++++ DATA TO EXAMINE ++++

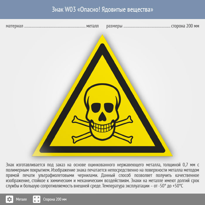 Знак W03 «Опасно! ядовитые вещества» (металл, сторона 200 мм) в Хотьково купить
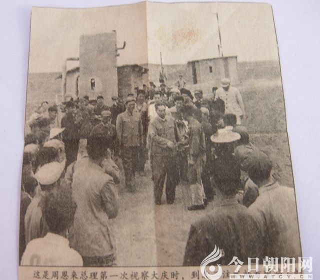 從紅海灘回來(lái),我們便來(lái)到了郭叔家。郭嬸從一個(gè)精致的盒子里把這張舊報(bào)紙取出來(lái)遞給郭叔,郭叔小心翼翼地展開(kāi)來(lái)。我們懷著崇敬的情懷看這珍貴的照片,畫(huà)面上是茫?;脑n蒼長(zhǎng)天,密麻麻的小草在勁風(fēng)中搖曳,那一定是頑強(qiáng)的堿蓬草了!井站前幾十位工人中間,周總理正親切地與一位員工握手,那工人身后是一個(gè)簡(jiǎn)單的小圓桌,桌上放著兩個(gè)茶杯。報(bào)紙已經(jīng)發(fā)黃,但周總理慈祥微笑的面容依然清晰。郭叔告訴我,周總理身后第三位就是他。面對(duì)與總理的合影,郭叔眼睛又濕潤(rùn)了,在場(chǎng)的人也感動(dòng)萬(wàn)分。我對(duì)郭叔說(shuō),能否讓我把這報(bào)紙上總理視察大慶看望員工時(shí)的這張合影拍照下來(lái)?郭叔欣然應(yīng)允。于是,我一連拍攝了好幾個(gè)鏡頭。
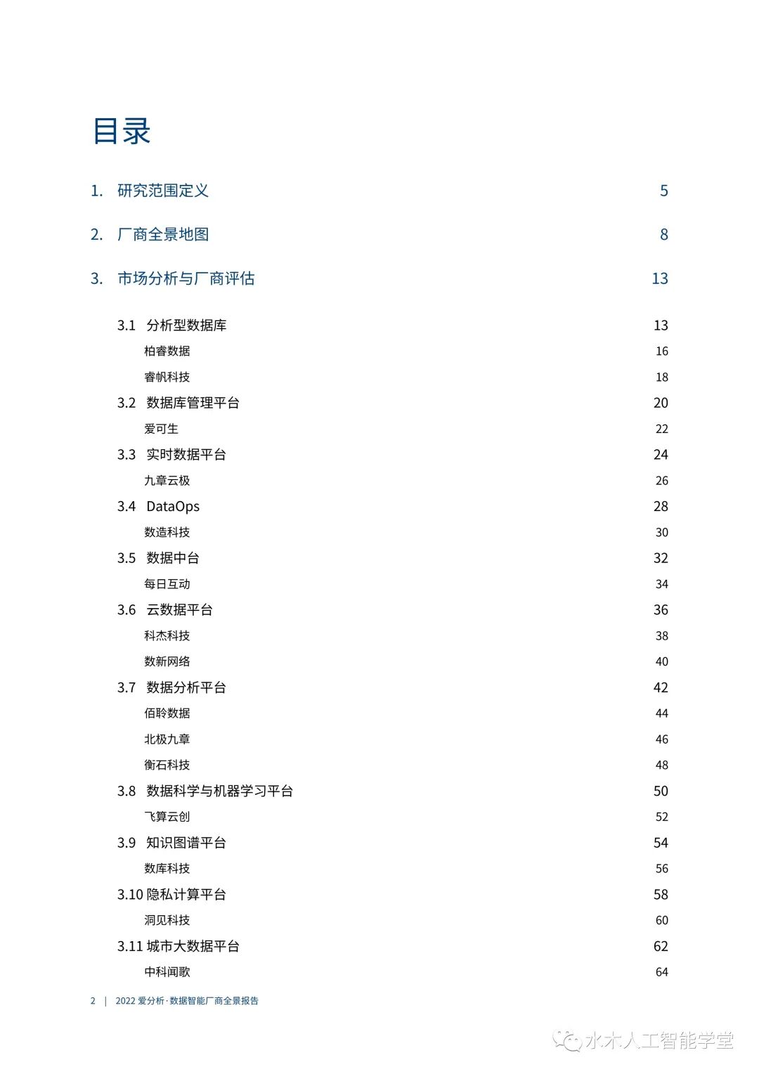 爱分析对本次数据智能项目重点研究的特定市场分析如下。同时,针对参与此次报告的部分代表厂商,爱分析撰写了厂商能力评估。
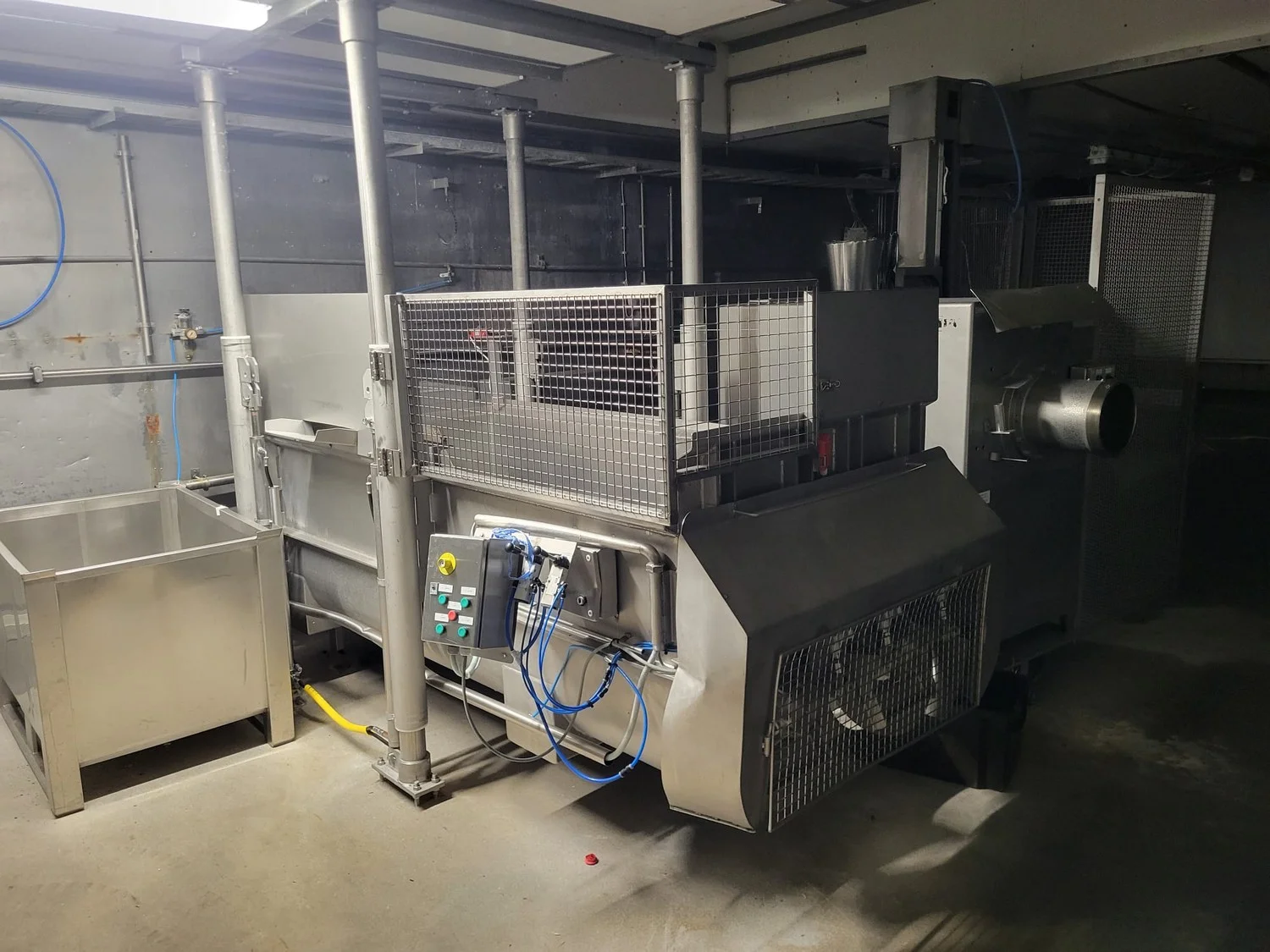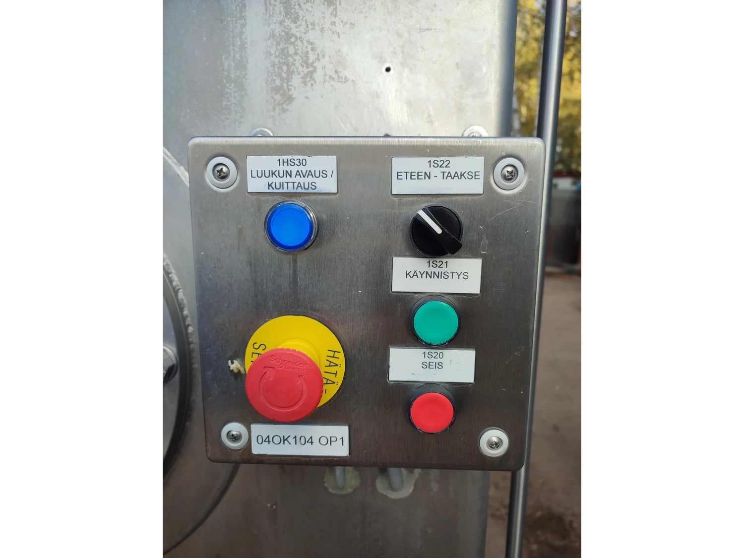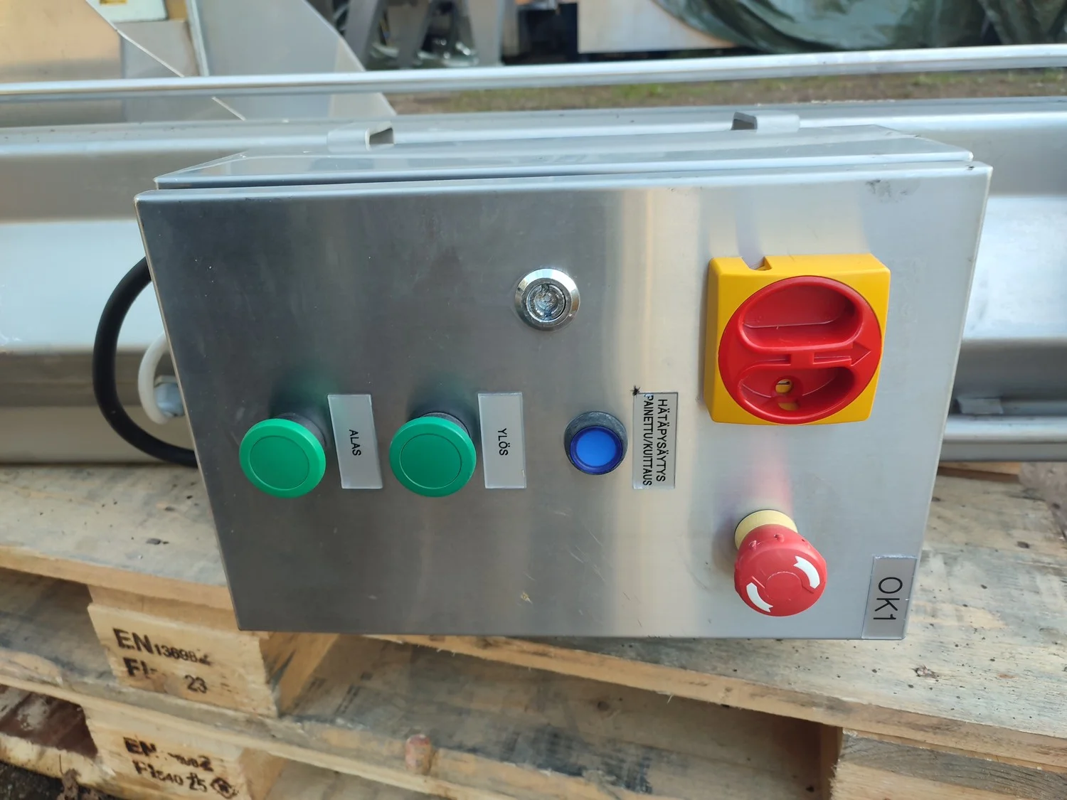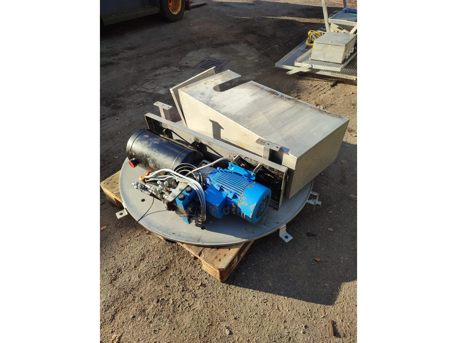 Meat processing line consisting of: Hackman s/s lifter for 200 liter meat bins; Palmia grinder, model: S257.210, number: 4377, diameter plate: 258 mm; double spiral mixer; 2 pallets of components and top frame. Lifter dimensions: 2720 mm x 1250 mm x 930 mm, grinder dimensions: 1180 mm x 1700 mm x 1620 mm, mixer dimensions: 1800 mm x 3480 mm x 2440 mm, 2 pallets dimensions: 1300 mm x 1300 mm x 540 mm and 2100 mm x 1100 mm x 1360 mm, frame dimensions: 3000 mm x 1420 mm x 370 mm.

++++
++++ DATA TO EXAMINE ++++

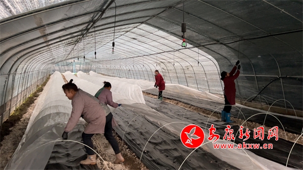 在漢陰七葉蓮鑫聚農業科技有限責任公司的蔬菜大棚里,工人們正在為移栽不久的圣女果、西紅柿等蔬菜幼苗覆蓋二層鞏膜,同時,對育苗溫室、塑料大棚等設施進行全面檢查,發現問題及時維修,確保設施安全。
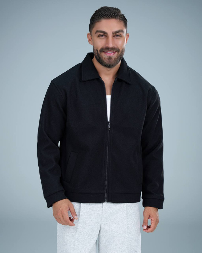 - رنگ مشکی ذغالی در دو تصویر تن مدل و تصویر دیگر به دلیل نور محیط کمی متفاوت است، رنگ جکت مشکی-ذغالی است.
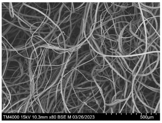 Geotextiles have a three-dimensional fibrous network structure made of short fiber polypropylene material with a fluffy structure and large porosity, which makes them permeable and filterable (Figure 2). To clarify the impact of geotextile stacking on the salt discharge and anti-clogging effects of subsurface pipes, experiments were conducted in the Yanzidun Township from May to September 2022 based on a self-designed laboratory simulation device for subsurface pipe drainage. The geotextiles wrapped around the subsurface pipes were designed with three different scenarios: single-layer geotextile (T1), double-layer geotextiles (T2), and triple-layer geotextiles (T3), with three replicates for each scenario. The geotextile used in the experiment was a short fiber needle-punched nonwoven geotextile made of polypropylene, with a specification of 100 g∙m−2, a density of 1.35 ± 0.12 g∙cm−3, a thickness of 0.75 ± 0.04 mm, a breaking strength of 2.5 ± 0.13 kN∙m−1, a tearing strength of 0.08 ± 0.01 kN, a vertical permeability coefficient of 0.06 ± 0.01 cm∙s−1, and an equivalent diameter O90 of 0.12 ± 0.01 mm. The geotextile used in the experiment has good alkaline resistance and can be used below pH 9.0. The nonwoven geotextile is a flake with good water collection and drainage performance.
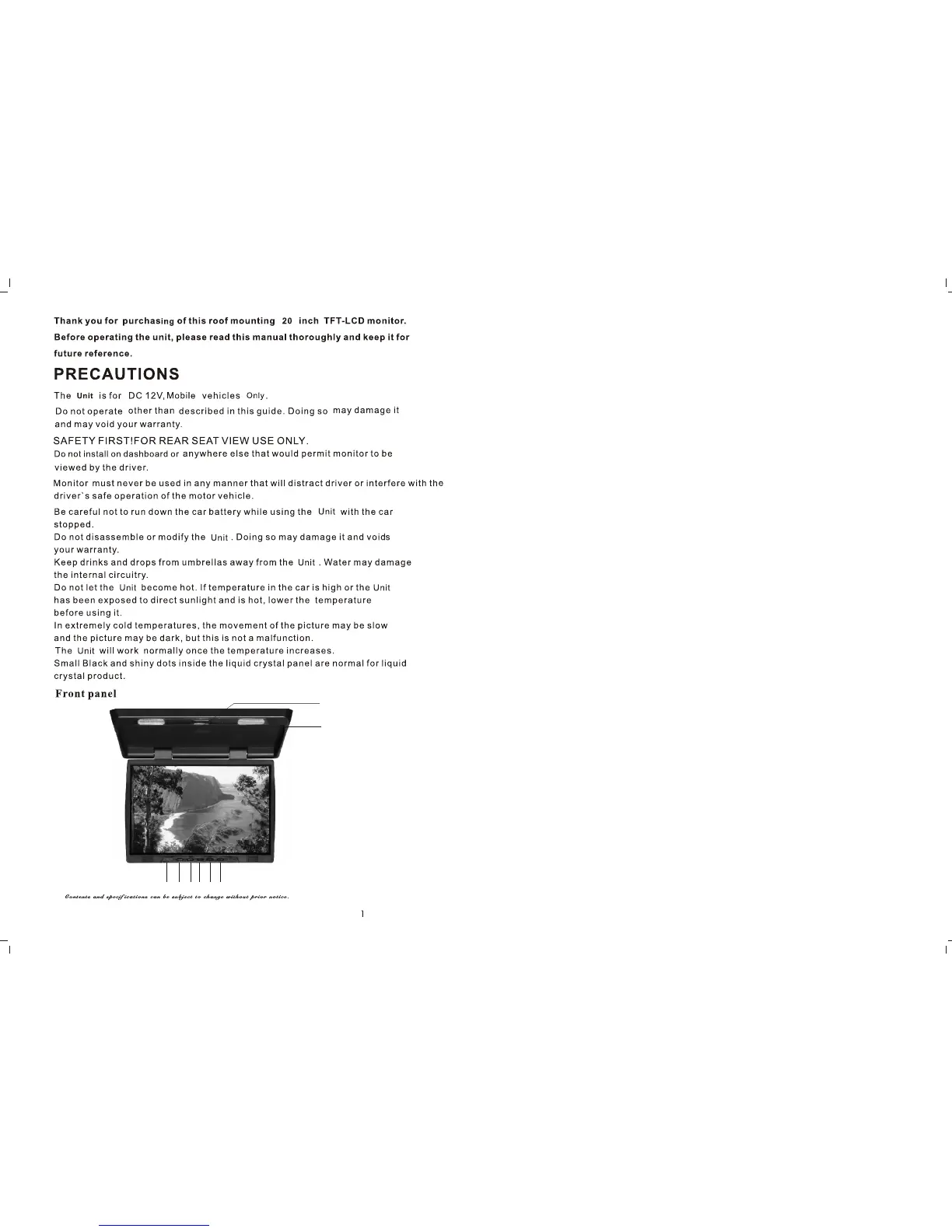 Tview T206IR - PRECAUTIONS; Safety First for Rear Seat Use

++++

What you return from the records above should be exactly everything from the line with "в Хотьково купить" down to the line with "爱分析对本次数据智能项目重点", both kept, and no pictures.

 Знак W03 «Опасно! ядовитые вещества» (металл, сторона 200 мм) в Хотьково купить
 從紅海灘回來(lái),我們便來(lái)到了郭叔家。郭嬸從一個(gè)精致的盒子里把這張舊報(bào)紙取出來(lái)遞給郭叔,郭叔小心翼翼地展開(kāi)來(lái)。我們懷著崇敬的情懷看這珍貴的照片,畫(huà)面上是茫?;脑n蒼長(zhǎng)天,密麻麻的小草在勁風(fēng)中搖曳,那一定是頑強(qiáng)的堿蓬草了!井站前幾十位工人中間,周總理正親切地與一位員工握手,那工人身后是一個(gè)簡(jiǎn)單的小圓桌,桌上放著兩個(gè)茶杯。報(bào)紙已經(jīng)發(fā)黃,但周總理慈祥微笑的面容依然清晰。郭叔告訴我,周總理身后第三位就是他。面對(duì)與總理的合影,郭叔眼睛又濕潤(rùn)了,在場(chǎng)的人也感動(dòng)萬(wàn)分。我對(duì)郭叔說(shuō),能否讓我把這報(bào)紙上總理視察大慶看望員工時(shí)的這張合影拍照下來(lái)?郭叔欣然應(yīng)允。于是,我一連拍攝了好幾個(gè)鏡頭。
 爱分析对本次数据智能项目重点研究的特定市场分析如下。同时,针对参与此次报告的部分代表厂商,爱分析撰写了厂商能力评估。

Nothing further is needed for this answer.